======== DATA PROVIDED ========
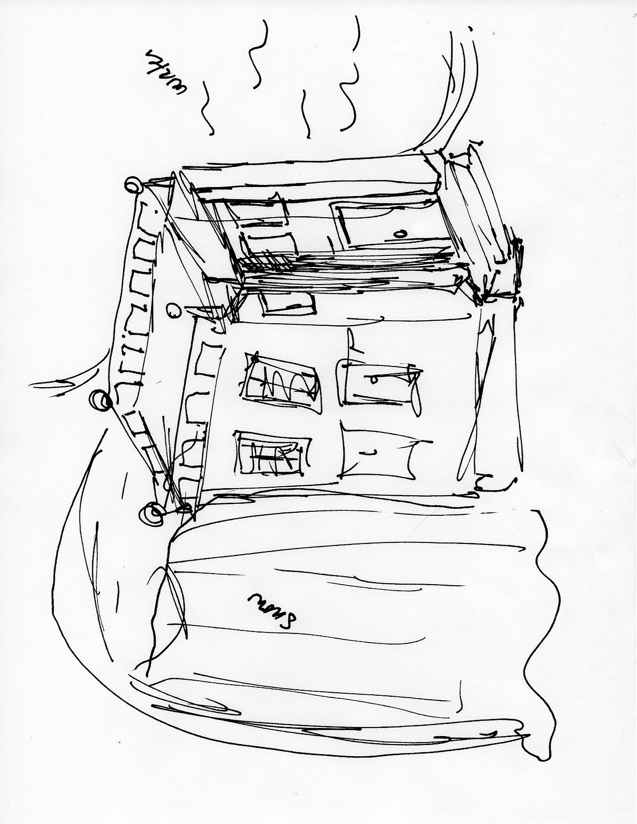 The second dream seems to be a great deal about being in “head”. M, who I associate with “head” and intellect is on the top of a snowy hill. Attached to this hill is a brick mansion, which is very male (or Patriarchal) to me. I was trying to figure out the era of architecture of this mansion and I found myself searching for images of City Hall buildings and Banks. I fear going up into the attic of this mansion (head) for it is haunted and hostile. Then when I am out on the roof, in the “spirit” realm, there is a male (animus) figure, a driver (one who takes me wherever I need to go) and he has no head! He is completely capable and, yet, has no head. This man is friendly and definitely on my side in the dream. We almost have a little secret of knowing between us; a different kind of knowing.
========
======== DATA PROVIDED ========
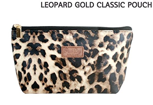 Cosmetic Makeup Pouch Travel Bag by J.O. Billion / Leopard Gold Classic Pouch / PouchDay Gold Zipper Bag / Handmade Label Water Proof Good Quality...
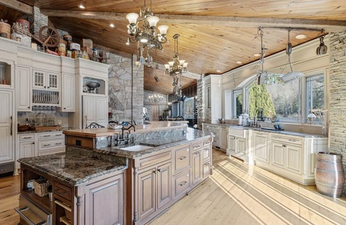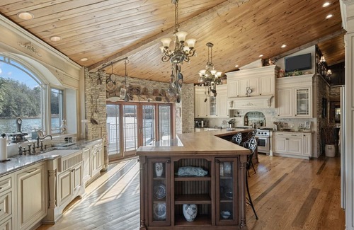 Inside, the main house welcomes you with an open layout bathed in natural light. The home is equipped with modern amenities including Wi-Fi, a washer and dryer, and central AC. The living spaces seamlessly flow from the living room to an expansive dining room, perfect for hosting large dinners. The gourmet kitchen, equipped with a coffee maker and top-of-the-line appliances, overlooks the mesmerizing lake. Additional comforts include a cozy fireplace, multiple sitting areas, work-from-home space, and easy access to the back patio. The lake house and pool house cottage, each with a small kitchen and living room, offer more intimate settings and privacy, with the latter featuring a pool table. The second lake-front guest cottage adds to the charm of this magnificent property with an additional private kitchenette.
========
THE TASK →
Above are some entries; copy exactly the lines from the line with "Cosmetic Makeup Pouch" through the line with "Inside, the main", both included, but none of the pictures.

EXPECTED OUTPUT →
 Cosmetic Makeup Pouch Travel Bag by J.O. Billion / Leopard Gold Classic Pouch / PouchDay Gold Zipper Bag / Handmade Label Water Proof Good Quality...
 Inside, the main house welcomes you with an open layout bathed in natural light. The home is equipped with modern amenities including Wi-Fi, a washer and dryer, and central AC. The living spaces seamlessly flow from the living room to an expansive dining room, perfect for hosting large dinners. The gourmet kitchen, equipped with a coffee maker and top-of-the-line appliances, overlooks the mesmerizing lake. Additional comforts include a cozy fireplace, multiple sitting areas, work-from-home space, and easy access to the back patio. The lake house and pool house cottage, each with a small kitchen and living room, offer more intimate settings and privacy, with the latter featuring a pool table. The second lake-front guest cottage adds to the charm of this magnificent property with an additional private kitchenette.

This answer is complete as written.